Chinese author Mo Yan won Nobel Prize in Stockholm

On 10 October, Chinese author Mo Yan was announced the winner of 2012 Nobel Prize in Literature at at the Swedish Academy in Stockholm, Sweden. 

“Yan is an author who with hallucinatory realism merges folk tales, history and the contemporary”, the Academy’s Permanent Secretary Peter Englund said in a short announcement shortly after 1pm in Stockholm.

“Through a mixture of fantasy and reality, historical and social perspectives, Mo Yan has created a world reminiscent in its complexity of those in the writings of William Faulkner and Gabriel García Márquez,” the Swedish Academy said of Yan in its official biography.

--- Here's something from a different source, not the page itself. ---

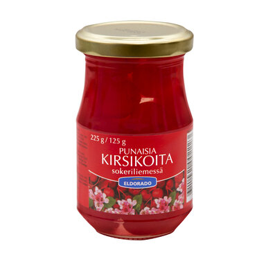 Kirsid (vähemalt 125g), suhkur, vesi, aroom, happesuse reguleerija: E330, värvaine (E127), antioksüdant (E220 vääveldioksiid)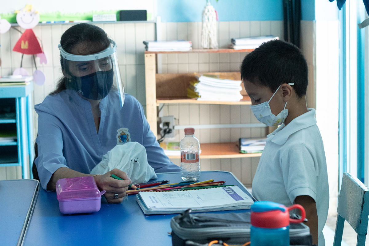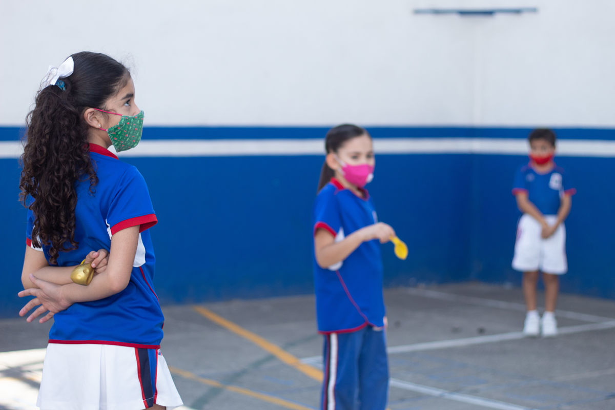 Para respetar la distancia entre el alumnado, las y los adoscentes, así como el personal del colegio, las clases de música, inglés, matemáticas, español y educación físca son impartidas para grupos reducidos, pues no pueden asistir más de 9 niños y niñas por cada aula.

Among Yan’s works are “Falling Rain on a Spring Night”, “Life and Death Are Wearing Me Out”, and “Red Sorghum”.

“I’m overjoyed, but I’m a little frightened also,” Yan said on the telephone, the Academy’s Göran Malmqvist told the Aftonbladet newspaper.

This is the first time a Chinese national and the second time a Chinese-born writer has won the prize, after Gao Xingian, who received French citizenship in 1997, was honoured in 2000.

Mo Yan is a pen name meaning ‘don’t speak’. Mo’s real name is Guan Moye. The literature prize is the fourth of this year’s crop of prizes, which were established in the will of Swedish dynamite inventor Alfred Nobel.